What to work on =>
In the listing below, how many lines contain the string "cotton"? Answer with the number only.

====================

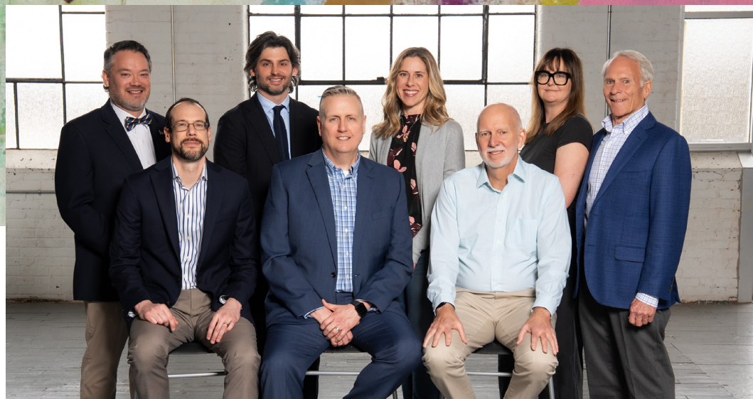
2024 GCCA Board Members
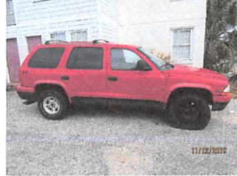
36 th Ave N / Oak St (Vacant Lot)
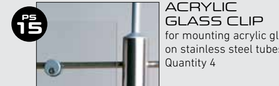
ACRYLIC GLASS CLIP for mounting acrylic glass on stainless steel tubes. Quantity 4
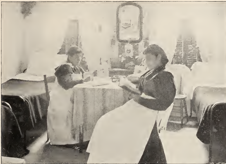
INTERIOR OF GIRLS' ROOM.

The sleeping rooms in the Girls' Quarters are about 14 x 16 feet, each occupied by three girls, and in order to forward the use of English these girls usually represent three different tribes. The rooms are furnished with wardrobes, single beds, bureau, washstand, table, chairs and such decorations as the girls arrange.
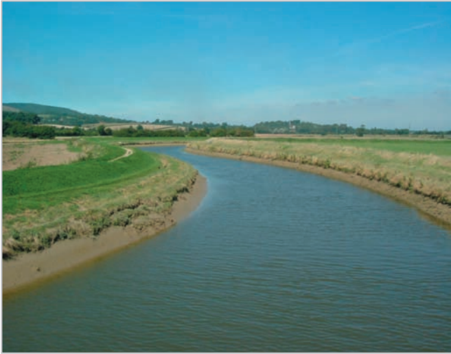
The meandering course of the River Adur.
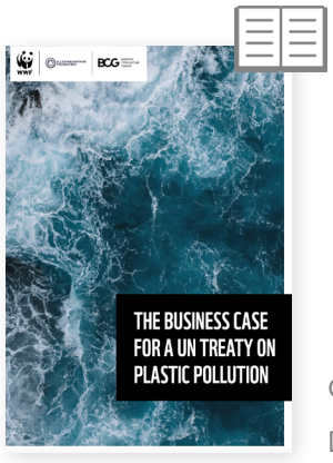
Oct 2020 Download the report here
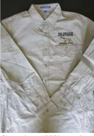
Charcoal gray 65/35/ cotton/ polyester soft texture classic chambray long sleeved shirt. (S to 4 XL). Thank you gift for donation of $125.00

50/50 cotton/polyester ash gray t-shirt. (S to 4 XL) Comes in short sleeves and long sleeves. Short sleeve t-shirt for donation of $40. Long sleeve t-shirt for donation of $60.
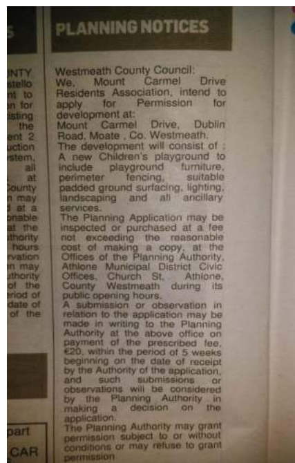
Planning Permission finally granted for Playground (leader project)
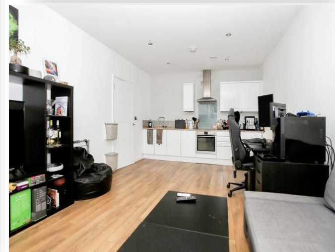
Cathedral View Wentworth Street, Peterborough PE1 1DS
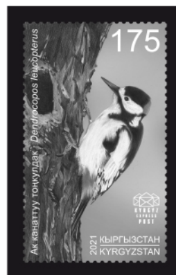
The White-winged woodpecker · M178
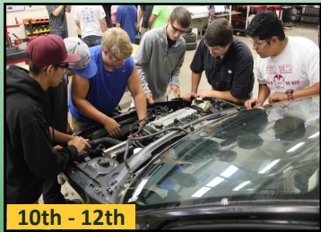
10th - 12th

This program allows students to be eligible to receive the Automotive Service Excellence G1 Certification. Graduates are prepared for employment in automotive dealerships, repair facilities, lube shops, undercar specialty shops and self employment.
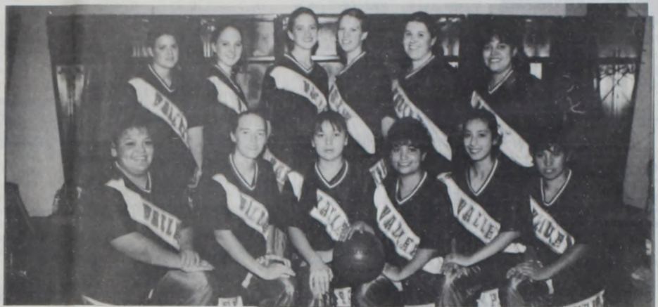
LADY PATRIOTS BASKETBALL TEAM
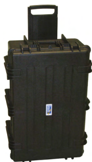
Valigia rigida di trasporto
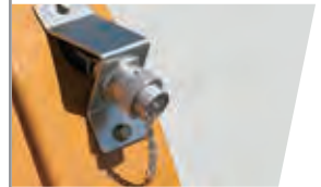
Front Electric/ Multi-Function
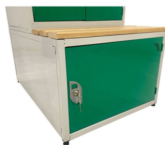
Storage & Oak Slat Seats (450mm high)
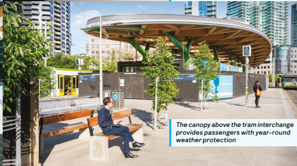
The canopy above the tram interchange provides passengers with year-round weather protection
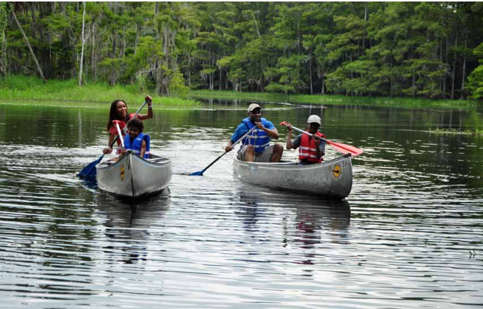
Canoeing on Fisheating Creek, Glades County, photo by Ilene Safron

means less running into sewers: conserving that much saved an additional $1.1 billion in wastewater treatment and storage costs.
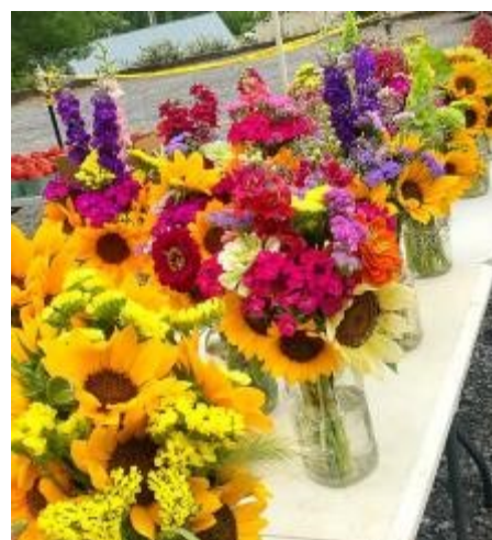
Flowers at the Cadiz market
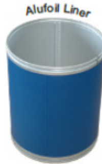
Alufoil lining prevents moisture and vapour discharge
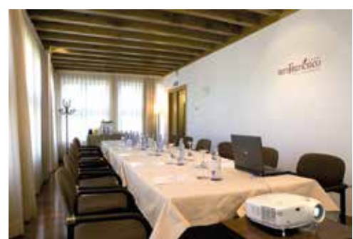
Galería I and II Rooms
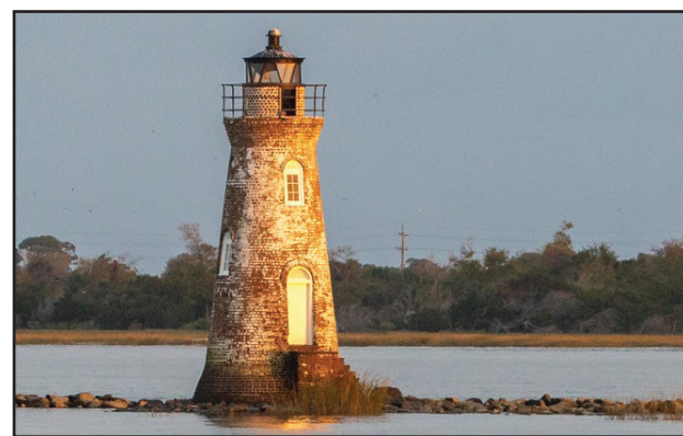
A view of the white painted Cockspur Island Lighthouse from the overlook trail.

There are several spots to access this trail. Designed by the Army Corps of Engineers, the dike system allowed for tide control and drainage that aided in the construction and defense of Fort Pulaski. Today, the dike is twelve feet above sea level and helps protect Fort Pulaski from the tides. This is a great trail for views of the fort and the salt marsh.
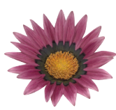
Rose Shades GR0202R
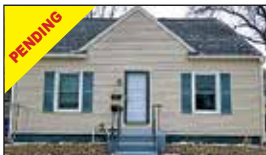
3020 Roosevelt Rd, Muskegon
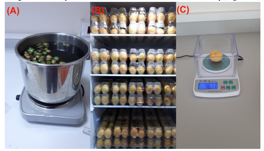
Figure 1. (A) Preparation of common poppy fruit extracts, (B) storage of fruit samples in chambers and (C) measuring of fruit weight with digital scale.
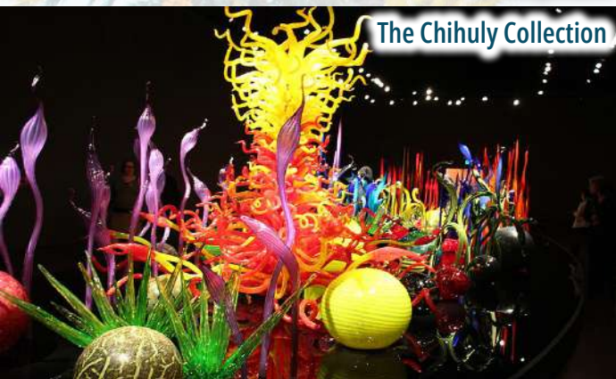
The Chihuly Collection

Miami's "Rival for the Finer Things" -The Independent
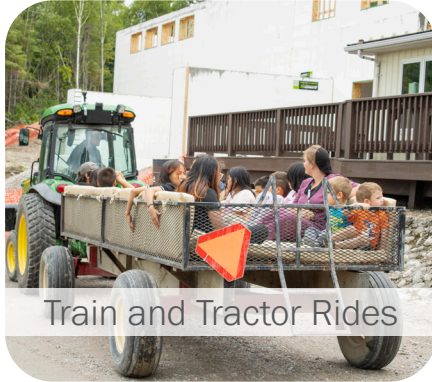
Train and Tractor Rides
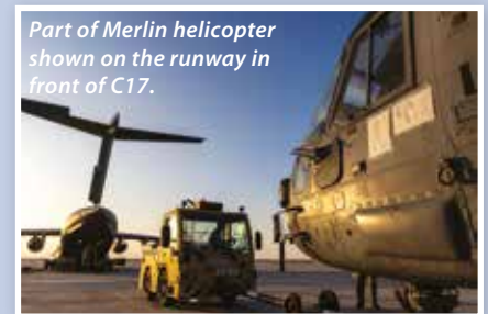
Part of Merlin helicopter shown on the runway in front of C17.
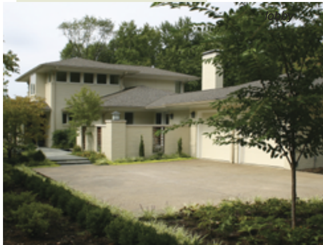
view from Conway Road
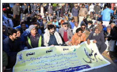
Members of Hyderabad Water and Sewerage Corporation Employees Union protest against Non-Payment of Salaries at Hyderabad Press Club.
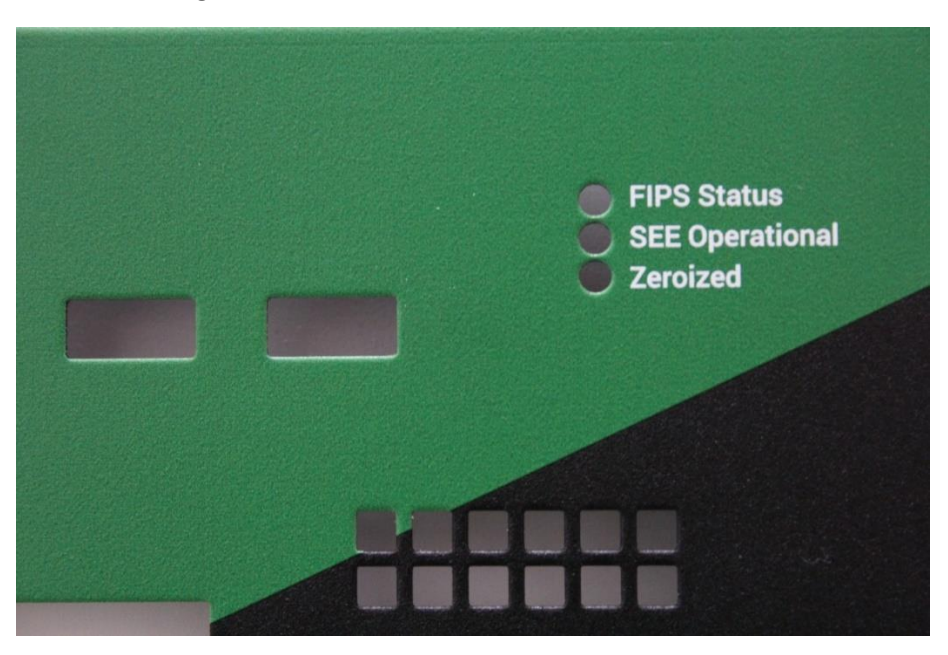
Figure 9 - Status LEDs on the PrimeKey Appliance

The five (5) LED status lines from the module connect to three (3) LEDs located on the front panel of the host appliance as shown in Figure 8 below:
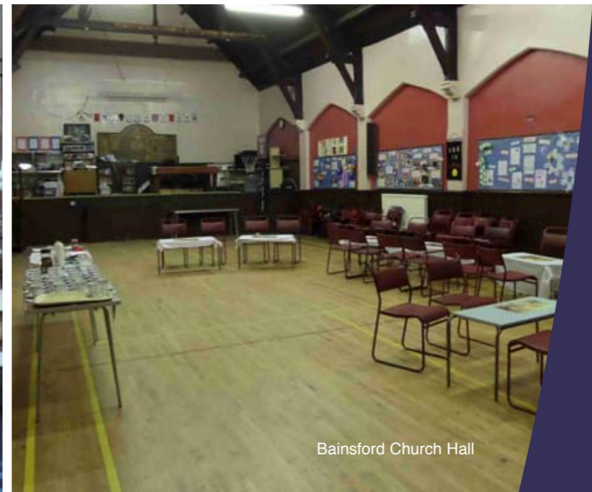
Bainsford Church Hall
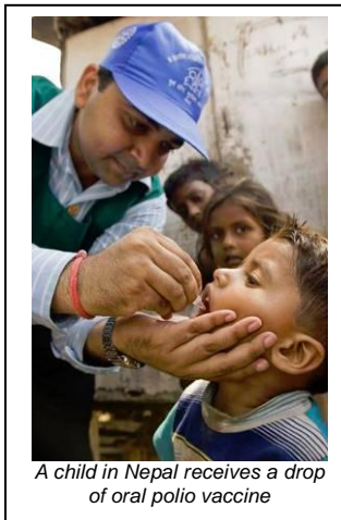
A child in Nepal receives a drop of oral polio vaccine

Polio Plus, the most ambitious program in Rotary's history, is the volunteer arm of the global partnership dedicated to eradicating polio. For more than 20 years, Rotary has led the private sector in the effort to rid the world of this crippling disease. Today, Polio Plus is recognized worldwide as a model of public-private cooperation in pursuit of a humanitarian goal. In addition to providing financial and volunteer
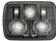
Part Number 0554481 12-24V DOT/ECE LED RHT High & Low Beam Heated Headlight with Black Inner Bezel
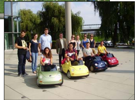
IP Workshop 31.10.2012 Dublin
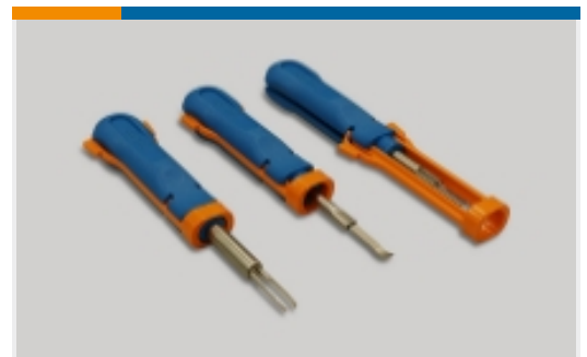
Insertion & Extraction Tools(1)
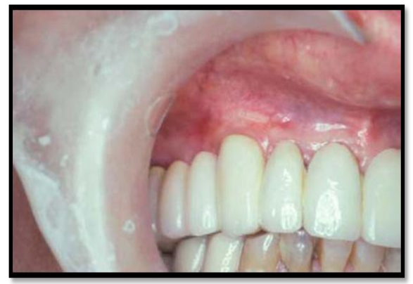
Fig. 8: The 3-week postoperative view shows the graft tissue blended into the adjacent attached gingival. ^{\rm 13}

Ishikawa I et al (2009) In their article discussed the application of lasers has been recognized as an adjunctive or alternative approach in periodontal and periimplant therapy. Soft tissue surgery is one of the major indications of lasers. CO2, Nd:YAG, diode, Er:YAG and Er,Cr:YAG lasers are generally accepted as useful tools for these procedures. Laser treatments have been shown to be superior to conventional mechanical approaches with regards to easy ablation, decontamination and hemostasis, as well as less surgical and postoperative pain in soft tissue management. Laser or laser-assisted pocket therapy is expected to become a new technical modality in periodontics. The Er:YAG laser shows the most promise for root surface debridement, calculus removal such as and decontamination. Concerning the use of lasers for bone surgery, CO2 and Nd:YAG lasers are considered unsuitable because of carbonization and degeneration of hard
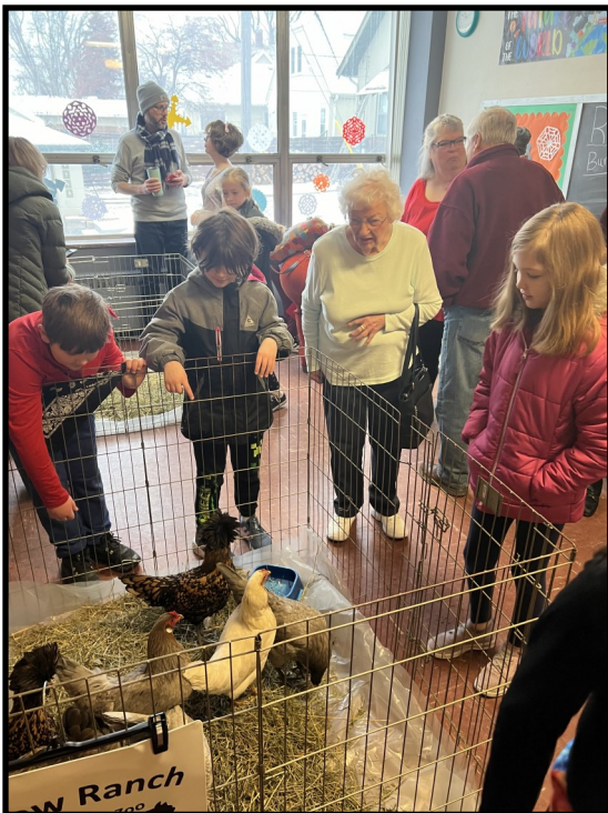
Bible Village Petting Zoo – January 7
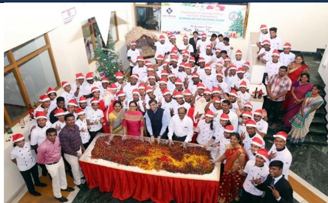
Fruit Mixing Ceremony @ CSHM – 15.12.2016
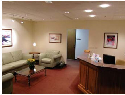
3rd Floor Reception Area
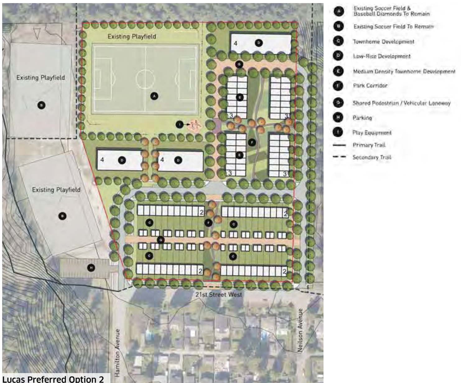
Lucas Preferred Option 2

Option 2 generally seeks to maintain the status quo in terms of both the extent and location of open space and utilize the remaining portion of the site for residential development. This option incorporates 2- to 3-storey townhouses and 4-storey residential apartments in an effort to maintain a lower-scale form of building in the neighbourhood. Additional linkages are provided within the residential framework to contribute to better connectivity between the on-site open space and the residential community to the south. This option could generate roughly 180 units, including about 90 townhouses. There may be an opportunity to increase open space and improve the open space network through modest changes to this plan including increasing building heights from 4 to 6 storeys.
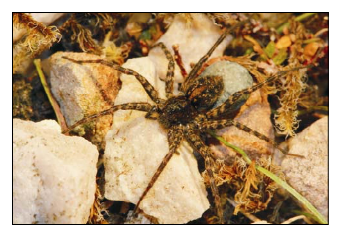
Figure 1. Pardosa trailli ; female with egg sac.

There are currently only 30 records in 17 hectads submitted to the SRS database for Pardosa trailli . There are only three locations with records since 1992 and the last of these was in 2003.
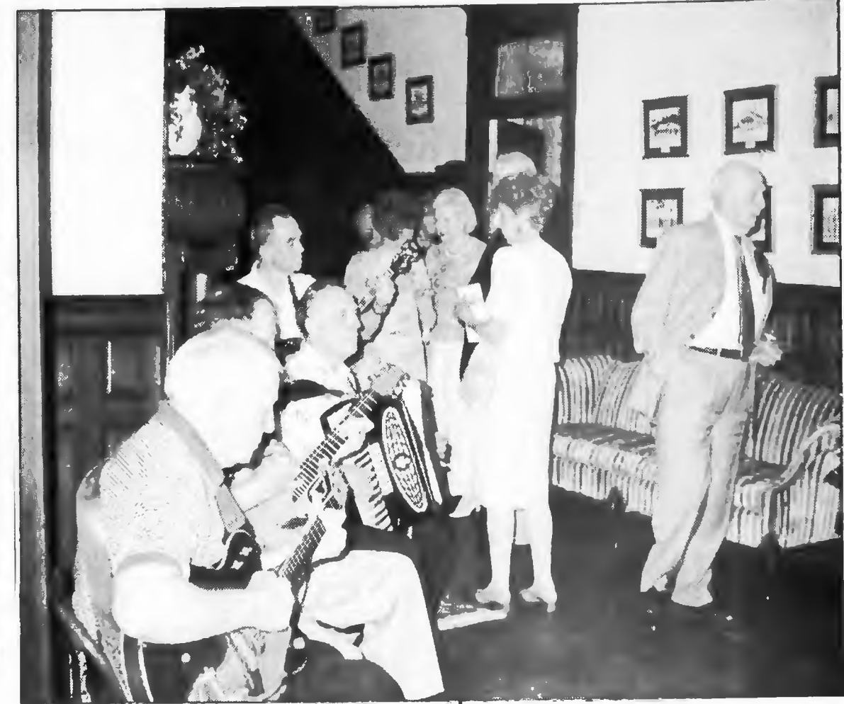
Musicians played tunes from the past century as visitors strolled through the McLauchlin-McFadyen home.
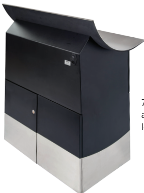
700 Series rear access offers lobby integration
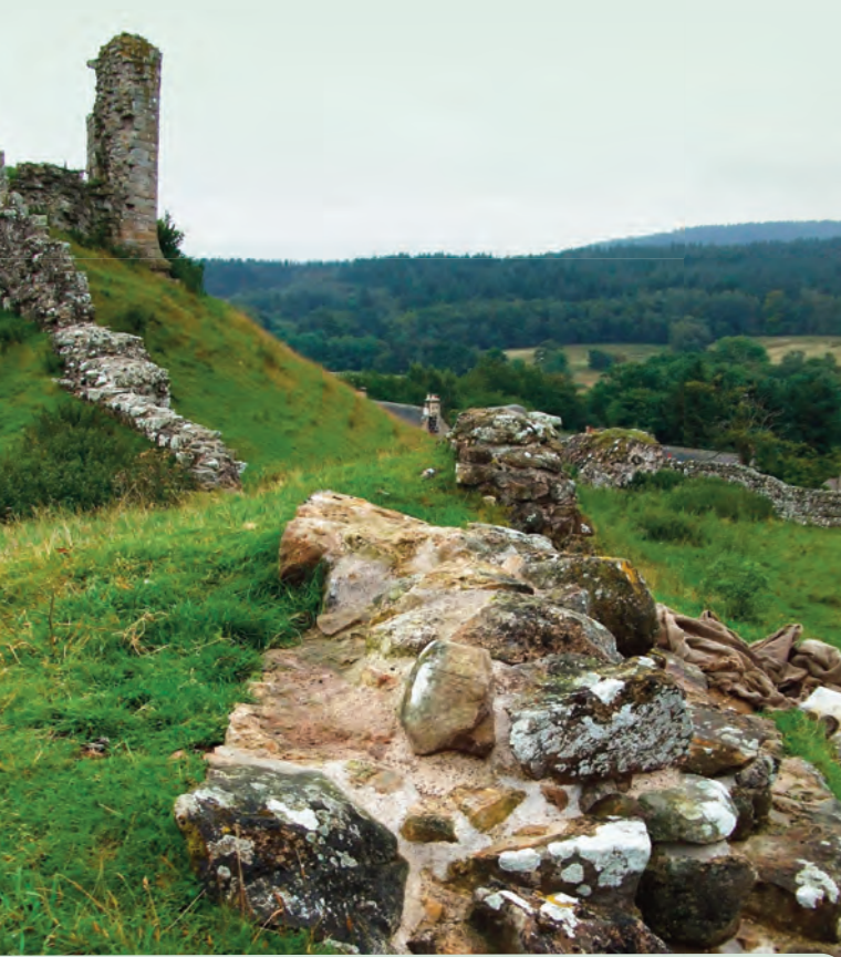
Harbottle Castle, Northumberland National Park
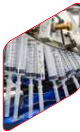
Writing Batch ID & individual S/N
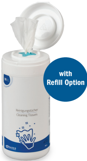
Cleaning Tissues in Dispenser for cleaning of hearing aids Contains: 90 cleaning tissues MOQ: 12 dispensers / 1 Refill Pack 098-5463 Dispenser 098-5349 Refill Pack
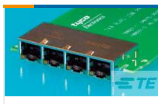
TE Part #1888251-4 low profile rj45, 1x4, grn /grn
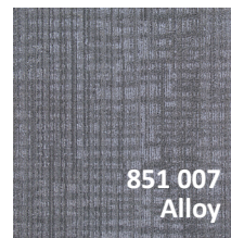
851 007 Alloy
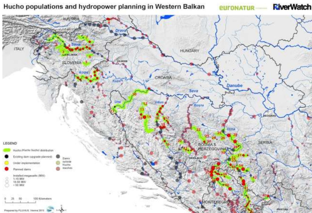
Figure 2. Distribution of self-sustaining Huchen populations and existing as well as potential future hydropower plants in the Balkan region. Numbers correspond to Table 1.

All major river reaches characterized here as Huchen habitat are under direct threat of destruction or the negative effects of hydropower expansion. Table 3 as well as Tables 4-6 in the Appendix provides an overview on the planned hydropower dams within the Balkan distribution area of Huchen. If these dams were constructed, at least 1.000 km of Huchen habitat would be drowned by reservoirs or severely degraded by hydropeaking below the dams.
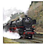
The Sound of Steam Trains (HD).mp3

The whole exercise was quite enjoyable and for anyone wanting to add soundtracks to cine films, YouTube and its free audio library is a must!
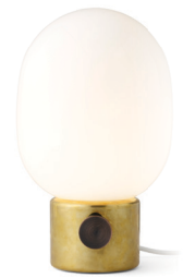
Polished Brass 1800839
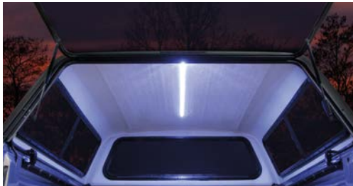
4' Center Rope Light - fiberglass truck cap without fabric interior liner.
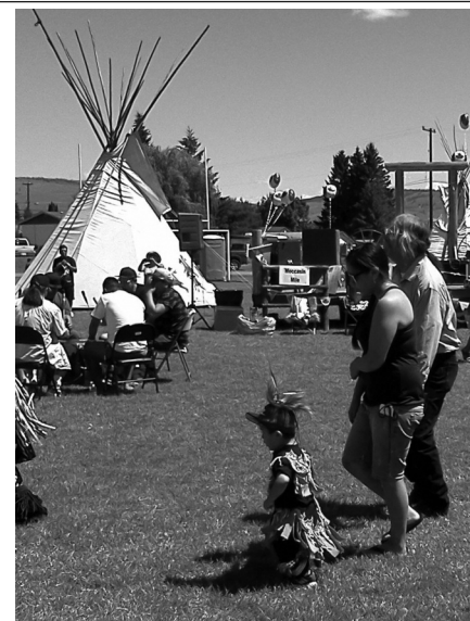
The littlest pow wow dancer Saturday was a perfect summer day for Conayt Friendship Society's National Aboriginal Day festivities. And Voght Park is a perfect new choice of location. A true start to summer!
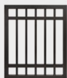
BALUSTRADE HANDRAIL GATE

====================

Result of the exercise =>
2